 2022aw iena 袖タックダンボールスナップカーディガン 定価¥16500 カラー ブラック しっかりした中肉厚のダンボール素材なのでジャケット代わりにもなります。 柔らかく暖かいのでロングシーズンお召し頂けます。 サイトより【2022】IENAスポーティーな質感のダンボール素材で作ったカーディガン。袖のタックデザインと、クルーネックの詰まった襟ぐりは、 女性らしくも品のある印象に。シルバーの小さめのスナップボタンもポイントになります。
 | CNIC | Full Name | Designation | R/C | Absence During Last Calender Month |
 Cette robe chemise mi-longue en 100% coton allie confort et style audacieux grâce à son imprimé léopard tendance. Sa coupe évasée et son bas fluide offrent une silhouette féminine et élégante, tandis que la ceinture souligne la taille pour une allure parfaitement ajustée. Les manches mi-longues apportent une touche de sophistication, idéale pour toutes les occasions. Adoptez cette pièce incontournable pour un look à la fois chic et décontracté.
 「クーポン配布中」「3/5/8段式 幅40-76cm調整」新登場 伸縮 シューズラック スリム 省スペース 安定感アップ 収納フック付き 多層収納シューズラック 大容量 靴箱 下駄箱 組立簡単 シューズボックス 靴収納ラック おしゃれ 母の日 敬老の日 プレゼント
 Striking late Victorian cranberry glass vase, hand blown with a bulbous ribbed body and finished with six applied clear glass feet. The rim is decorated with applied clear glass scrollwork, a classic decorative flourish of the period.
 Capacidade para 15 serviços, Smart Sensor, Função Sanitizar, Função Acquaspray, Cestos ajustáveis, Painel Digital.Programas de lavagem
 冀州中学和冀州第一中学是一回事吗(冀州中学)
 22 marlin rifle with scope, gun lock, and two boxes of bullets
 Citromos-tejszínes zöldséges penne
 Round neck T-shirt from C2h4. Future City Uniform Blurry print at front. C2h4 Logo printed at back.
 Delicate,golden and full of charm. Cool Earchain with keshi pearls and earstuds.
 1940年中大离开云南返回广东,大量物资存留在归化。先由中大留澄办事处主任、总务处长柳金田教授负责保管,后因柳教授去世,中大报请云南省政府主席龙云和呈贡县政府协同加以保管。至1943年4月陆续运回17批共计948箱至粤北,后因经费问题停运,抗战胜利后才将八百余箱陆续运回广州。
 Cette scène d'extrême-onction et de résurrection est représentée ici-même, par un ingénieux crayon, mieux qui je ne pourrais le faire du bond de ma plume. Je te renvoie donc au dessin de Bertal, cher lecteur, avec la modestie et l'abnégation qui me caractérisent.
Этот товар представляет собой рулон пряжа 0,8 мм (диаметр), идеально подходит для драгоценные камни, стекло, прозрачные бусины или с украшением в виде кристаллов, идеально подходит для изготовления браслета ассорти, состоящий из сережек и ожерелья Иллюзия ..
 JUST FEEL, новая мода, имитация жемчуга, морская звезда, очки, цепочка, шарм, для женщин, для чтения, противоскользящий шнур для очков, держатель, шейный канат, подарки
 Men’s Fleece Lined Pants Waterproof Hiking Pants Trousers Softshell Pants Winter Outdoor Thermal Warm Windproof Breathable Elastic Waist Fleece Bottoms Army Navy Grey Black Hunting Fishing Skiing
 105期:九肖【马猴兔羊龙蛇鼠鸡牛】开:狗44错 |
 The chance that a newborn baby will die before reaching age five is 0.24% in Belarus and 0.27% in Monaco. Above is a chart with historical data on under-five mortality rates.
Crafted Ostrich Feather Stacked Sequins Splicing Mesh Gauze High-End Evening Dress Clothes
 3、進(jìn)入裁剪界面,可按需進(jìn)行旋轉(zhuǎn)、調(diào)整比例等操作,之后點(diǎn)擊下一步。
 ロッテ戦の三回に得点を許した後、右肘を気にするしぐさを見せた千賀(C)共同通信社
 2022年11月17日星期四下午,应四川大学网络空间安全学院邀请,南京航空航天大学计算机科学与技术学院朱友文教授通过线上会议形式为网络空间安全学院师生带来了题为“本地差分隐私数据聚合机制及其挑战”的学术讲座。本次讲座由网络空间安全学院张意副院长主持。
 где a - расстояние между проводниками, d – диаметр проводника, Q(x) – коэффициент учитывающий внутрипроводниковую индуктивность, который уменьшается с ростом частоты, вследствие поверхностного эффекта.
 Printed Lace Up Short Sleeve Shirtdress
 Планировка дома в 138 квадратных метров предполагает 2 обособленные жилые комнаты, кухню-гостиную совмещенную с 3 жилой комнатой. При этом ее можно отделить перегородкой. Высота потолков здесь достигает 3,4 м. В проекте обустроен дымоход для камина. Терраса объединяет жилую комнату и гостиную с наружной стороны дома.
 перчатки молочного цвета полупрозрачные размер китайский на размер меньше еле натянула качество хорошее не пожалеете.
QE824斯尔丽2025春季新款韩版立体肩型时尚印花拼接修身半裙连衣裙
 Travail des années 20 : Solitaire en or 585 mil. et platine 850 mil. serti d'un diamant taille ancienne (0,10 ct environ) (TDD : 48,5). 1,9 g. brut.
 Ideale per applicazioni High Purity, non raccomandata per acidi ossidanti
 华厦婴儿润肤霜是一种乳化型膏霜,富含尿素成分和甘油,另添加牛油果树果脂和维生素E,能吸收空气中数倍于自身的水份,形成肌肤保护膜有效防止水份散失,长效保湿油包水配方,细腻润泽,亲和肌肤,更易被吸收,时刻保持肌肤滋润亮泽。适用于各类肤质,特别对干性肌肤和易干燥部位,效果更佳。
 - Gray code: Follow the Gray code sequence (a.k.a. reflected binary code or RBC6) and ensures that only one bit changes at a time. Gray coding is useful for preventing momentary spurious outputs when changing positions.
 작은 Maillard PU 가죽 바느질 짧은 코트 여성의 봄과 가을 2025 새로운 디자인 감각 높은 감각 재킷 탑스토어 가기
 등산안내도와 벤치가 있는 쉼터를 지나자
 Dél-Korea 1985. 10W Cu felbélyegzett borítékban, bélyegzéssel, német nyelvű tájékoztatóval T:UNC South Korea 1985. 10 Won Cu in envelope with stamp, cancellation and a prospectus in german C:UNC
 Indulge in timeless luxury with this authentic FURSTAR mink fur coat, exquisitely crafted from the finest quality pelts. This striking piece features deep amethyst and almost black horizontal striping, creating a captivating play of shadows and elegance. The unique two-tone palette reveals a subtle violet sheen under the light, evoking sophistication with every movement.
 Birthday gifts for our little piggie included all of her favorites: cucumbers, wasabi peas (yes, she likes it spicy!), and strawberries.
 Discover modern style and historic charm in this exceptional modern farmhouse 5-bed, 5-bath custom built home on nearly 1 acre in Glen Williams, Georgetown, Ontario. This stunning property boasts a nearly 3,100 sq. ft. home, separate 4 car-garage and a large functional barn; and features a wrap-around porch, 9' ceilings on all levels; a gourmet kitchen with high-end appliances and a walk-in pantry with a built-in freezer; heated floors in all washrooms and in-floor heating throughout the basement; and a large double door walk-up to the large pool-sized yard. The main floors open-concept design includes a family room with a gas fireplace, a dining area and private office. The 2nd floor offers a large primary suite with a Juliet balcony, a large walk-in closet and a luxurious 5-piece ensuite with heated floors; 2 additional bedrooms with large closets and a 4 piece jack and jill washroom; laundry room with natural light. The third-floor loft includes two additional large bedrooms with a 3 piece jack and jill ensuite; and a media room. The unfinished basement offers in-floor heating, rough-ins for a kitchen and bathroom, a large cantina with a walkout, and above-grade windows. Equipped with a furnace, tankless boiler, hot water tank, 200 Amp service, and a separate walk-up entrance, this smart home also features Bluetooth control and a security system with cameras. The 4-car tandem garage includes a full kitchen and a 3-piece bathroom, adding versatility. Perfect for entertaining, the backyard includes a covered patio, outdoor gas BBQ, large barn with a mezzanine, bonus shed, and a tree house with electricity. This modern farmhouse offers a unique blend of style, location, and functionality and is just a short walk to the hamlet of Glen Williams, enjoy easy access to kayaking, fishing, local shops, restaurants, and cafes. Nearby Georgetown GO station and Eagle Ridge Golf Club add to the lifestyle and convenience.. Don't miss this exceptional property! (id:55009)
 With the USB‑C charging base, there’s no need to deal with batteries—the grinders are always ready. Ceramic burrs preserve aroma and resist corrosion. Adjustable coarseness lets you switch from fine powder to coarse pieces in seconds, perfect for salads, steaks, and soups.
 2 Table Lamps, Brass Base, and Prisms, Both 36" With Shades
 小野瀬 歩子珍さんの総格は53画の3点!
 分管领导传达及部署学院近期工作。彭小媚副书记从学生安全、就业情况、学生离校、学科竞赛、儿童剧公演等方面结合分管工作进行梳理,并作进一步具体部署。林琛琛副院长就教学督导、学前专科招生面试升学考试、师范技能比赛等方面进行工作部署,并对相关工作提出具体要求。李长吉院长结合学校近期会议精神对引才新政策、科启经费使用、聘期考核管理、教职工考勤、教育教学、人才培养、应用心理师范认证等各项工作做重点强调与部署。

------------

• [Instructions for the task]:
Could you repeat exactly the lines above from the line with "ロッテ戦の三回に得点を許した" up to and including the line with "QE824斯尔丽2025春季新款韩版立体肩型时尚印花拼接修身半裙连衣裙", and only those?

• [Response]:
 ロッテ戦の三回に得点を許した後、右肘を気にするしぐさを見せた千賀(C)共同通信社
 2022年11月17日星期四下午,应四川大学网络空间安全学院邀请,南京航空航天大学计算机科学与技术学院朱友文教授通过线上会议形式为网络空间安全学院师生带来了题为“本地差分隐私数据聚合机制及其挑战”的学术讲座。本次讲座由网络空间安全学院张意副院长主持。
 где a - расстояние между проводниками, d – диаметр проводника, Q(x) – коэффициент учитывающий внутрипроводниковую индуктивность, который уменьшается с ростом частоты, вследствие поверхностного эффекта.
 Printed Lace Up Short Sleeve Shirtdress
 Планировка дома в 138 квадратных метров предполагает 2 обособленные жилые комнаты, кухню-гостиную совмещенную с 3 жилой комнатой. При этом ее можно отделить перегородкой. Высота потолков здесь достигает 3,4 м. В проекте обустроен дымоход для камина. Терраса объединяет жилую комнату и гостиную с наружной стороны дома.
 перчатки молочного цвета полупрозрачные размер китайский на размер меньше еле натянула качество хорошее не пожалеете.
QE824斯尔丽2025春季新款韩版立体肩型时尚印花拼接修身半裙连衣裙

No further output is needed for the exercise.